The wealth transfer from monetary inflation occurs regardless of whether or not the purchasing power of money overall changes, i.e., regardless of whether or not price inflation occurs. This is because, the first recipients of the new money bid prices of goods they buy higher than they would have been without their increased demand and thereby, deprive the least-eager buyers of the goods who have not received any new money of the goods they would have been able to buy otherwise.
The wider the demand for a given money, the less reduction in its purchasing power from a given increase in the stock of it. For example, suppose an additional $100 million in new money were created and spent by the Federal government in Washington, D.C., every month for the next ten years. Then the extra demand for goods by the residents of D.C. would lower the purchasing power of the dollar in D.C. As that happened, they would begin to spend the new money in other places where the purchasing power if the dollar hadn’t changed. The additional demands for other goods by other people who obtain the new money would bid prices up all throughout the country. Then Americans would begin to demand foreign goods to take advantage of their lower prices. If foreigners are willing to sell to Americans in dollars, then the prices of their goods would likewise be bid up to bring the purchasing power of the dollar in foreign countries into conformity with its purchasing power in America.
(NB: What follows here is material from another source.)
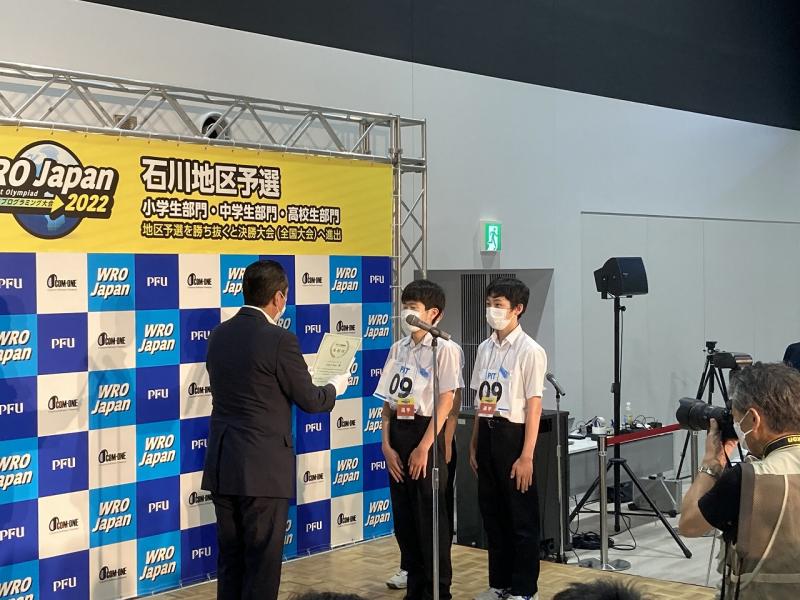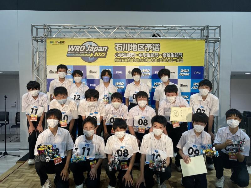 7/23(土)、津幡町福祉センター 大ホールにて標記大会が行われ、本校からは科学工作部のメンバーが出場しました。大会の結果、ミドル部門優勝の中村洸さん、坂田さん、水元さんは、8/28(日)静岡県浜松市で行われる「WROJapan2022 決勝大会」に出場が決定しました。おめでとうございます。そして、科学部の皆さん、本当によく頑張りました。

This process of wealth transfers via monetary inflation determines who in the private sector will be less well off when government officials are enriched, but the fact and extent of lower standards of living is determined by how many resources are drawn out of the private sector and into the government sector.
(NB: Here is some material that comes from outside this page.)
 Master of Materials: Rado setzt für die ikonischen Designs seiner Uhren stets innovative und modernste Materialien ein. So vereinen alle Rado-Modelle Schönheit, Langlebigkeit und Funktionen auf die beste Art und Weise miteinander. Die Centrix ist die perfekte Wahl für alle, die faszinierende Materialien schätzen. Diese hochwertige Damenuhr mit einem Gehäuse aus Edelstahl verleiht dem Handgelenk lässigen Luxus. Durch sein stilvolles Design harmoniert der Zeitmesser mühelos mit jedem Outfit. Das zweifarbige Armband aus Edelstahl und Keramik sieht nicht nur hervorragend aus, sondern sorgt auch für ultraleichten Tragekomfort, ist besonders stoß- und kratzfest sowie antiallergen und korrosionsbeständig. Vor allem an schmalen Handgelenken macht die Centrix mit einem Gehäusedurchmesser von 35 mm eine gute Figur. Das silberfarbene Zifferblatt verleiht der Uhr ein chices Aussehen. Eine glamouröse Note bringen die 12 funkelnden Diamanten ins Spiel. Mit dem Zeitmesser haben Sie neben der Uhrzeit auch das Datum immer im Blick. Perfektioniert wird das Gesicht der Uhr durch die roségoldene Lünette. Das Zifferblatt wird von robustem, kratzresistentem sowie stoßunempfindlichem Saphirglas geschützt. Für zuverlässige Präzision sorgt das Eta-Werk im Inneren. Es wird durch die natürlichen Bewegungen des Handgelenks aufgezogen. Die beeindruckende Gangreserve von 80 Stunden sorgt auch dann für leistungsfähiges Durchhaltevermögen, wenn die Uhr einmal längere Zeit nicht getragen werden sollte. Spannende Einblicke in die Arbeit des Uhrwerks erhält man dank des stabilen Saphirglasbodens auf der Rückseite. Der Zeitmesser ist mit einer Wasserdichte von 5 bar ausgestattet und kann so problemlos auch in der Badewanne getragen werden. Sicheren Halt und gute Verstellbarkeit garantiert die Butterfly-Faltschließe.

If the government levies a 10 percent tax on income so that, let’s say, 6 percent of society’s resources are controlled by government bureaucrats instead of entrepreneurs or if the government inflates the money stock so that 6 percent of society’s resources are controlled by government bureaucrats instead of entrepreneurs, then the reduction in standards of living in society will be the same. Whose standards of living fall and by what extent will be different in the two cases, but the overall effect will be the same.